Aim of the exercise:
Both the line with "E1 P/B Laminasi" and the line with "Für einen erholsamen" in the records below must appear in the output, along with every line between them, exactly and with nothing added.

Data listing:
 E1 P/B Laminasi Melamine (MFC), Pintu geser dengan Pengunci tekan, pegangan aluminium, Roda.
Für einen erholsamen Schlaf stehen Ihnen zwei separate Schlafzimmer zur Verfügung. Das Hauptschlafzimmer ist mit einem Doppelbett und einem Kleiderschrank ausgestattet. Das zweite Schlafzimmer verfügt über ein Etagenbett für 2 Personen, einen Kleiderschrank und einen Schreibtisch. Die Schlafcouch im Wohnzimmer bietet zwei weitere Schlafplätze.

--

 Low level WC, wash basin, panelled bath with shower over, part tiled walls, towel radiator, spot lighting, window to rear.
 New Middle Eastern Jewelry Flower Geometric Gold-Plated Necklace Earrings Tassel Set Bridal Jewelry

Reply to the exercise:
 E1 P/B Laminasi Melamine (MFC), Pintu geser dengan Pengunci tekan, pegangan aluminium, Roda.
Für einen erholsamen Schlaf stehen Ihnen zwei separate Schlafzimmer zur Verfügung. Das Hauptschlafzimmer ist mit einem Doppelbett und einem Kleiderschrank ausgestattet. Das zweite Schlafzimmer verfügt über ein Etagenbett für 2 Personen, einen Kleiderschrank und einen Schreibtisch. Die Schlafcouch im Wohnzimmer bietet zwei weitere Schlafplätze.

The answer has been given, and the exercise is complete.